## Required action
Since the copy must hold text only, transcribe the data below exactly and omit the images.

## Information supplied
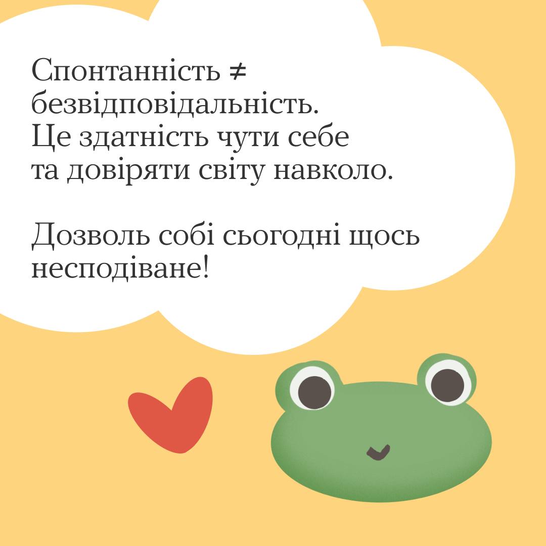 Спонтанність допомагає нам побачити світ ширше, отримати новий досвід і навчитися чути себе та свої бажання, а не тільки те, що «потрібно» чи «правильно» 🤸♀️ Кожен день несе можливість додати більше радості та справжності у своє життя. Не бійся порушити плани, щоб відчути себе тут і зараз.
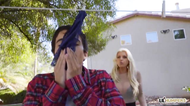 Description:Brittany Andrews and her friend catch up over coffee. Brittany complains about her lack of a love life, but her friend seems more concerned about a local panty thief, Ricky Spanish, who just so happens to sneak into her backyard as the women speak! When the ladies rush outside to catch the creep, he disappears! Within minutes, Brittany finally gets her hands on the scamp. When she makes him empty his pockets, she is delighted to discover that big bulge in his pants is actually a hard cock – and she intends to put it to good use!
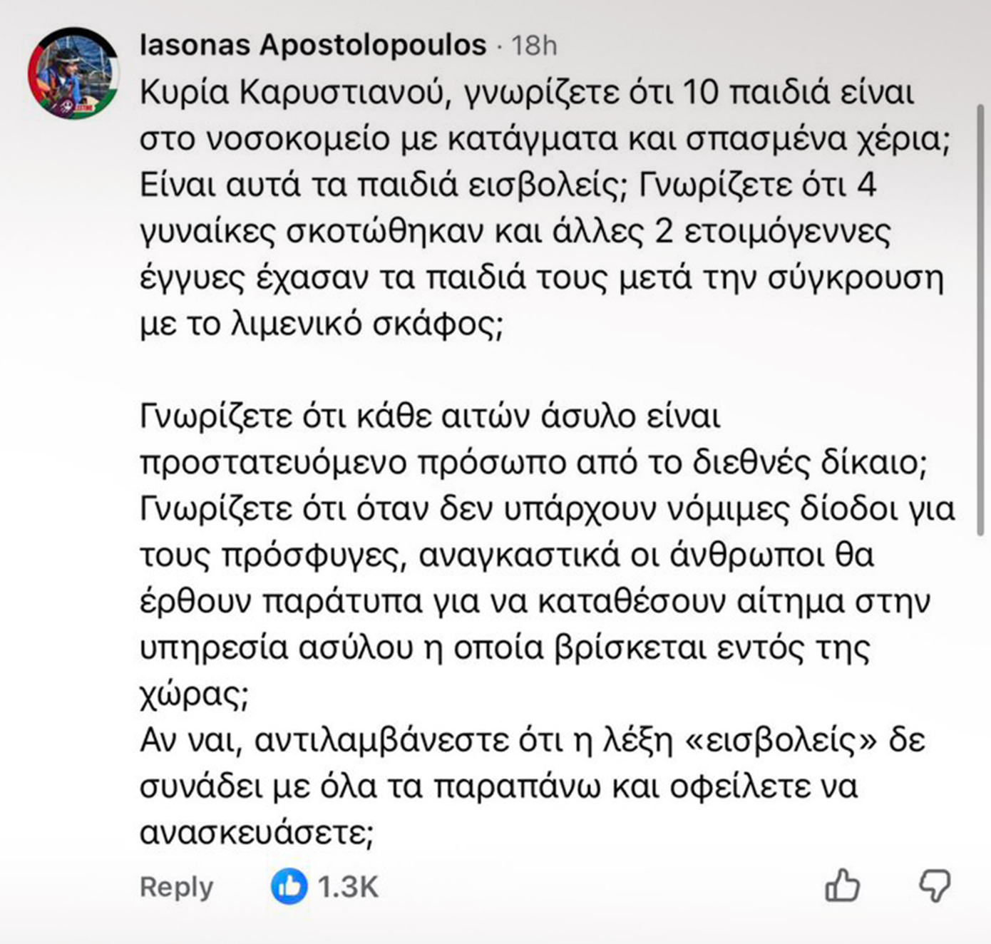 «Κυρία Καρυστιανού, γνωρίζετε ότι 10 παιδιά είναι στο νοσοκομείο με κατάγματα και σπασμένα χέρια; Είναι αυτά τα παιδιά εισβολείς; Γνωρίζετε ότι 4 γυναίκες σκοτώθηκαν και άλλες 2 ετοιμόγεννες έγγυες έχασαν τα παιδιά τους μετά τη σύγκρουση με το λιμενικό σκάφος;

## Written solution
 Спонтанність допомагає нам побачити світ ширше, отримати новий досвід і навчитися чути себе та свої бажання, а не тільки те, що «потрібно» чи «правильно» 🤸♀️ Кожен день несе можливість додати більше радості та справжності у своє життя. Не бійся порушити плани, щоб відчути себе тут і зараз.
 Description:Brittany Andrews and her friend catch up over coffee. Brittany complains about her lack of a love life, but her friend seems more concerned about a local panty thief, Ricky Spanish, who just so happens to sneak into her backyard as the women speak! When the ladies rush outside to catch the creep, he disappears! Within minutes, Brittany finally gets her hands on the scamp. When she makes him empty his pockets, she is delighted to discover that big bulge in his pants is actually a hard cock – and she intends to put it to good use!
 «Κυρία Καρυστιανού, γνωρίζετε ότι 10 παιδιά είναι στο νοσοκομείο με κατάγματα και σπασμένα χέρια; Είναι αυτά τα παιδιά εισβολείς; Γνωρίζετε ότι 4 γυναίκες σκοτώθηκαν και άλλες 2 ετοιμόγεννες έγγυες έχασαν τα παιδιά τους μετά τη σύγκρουση με το λιμενικό σκάφος;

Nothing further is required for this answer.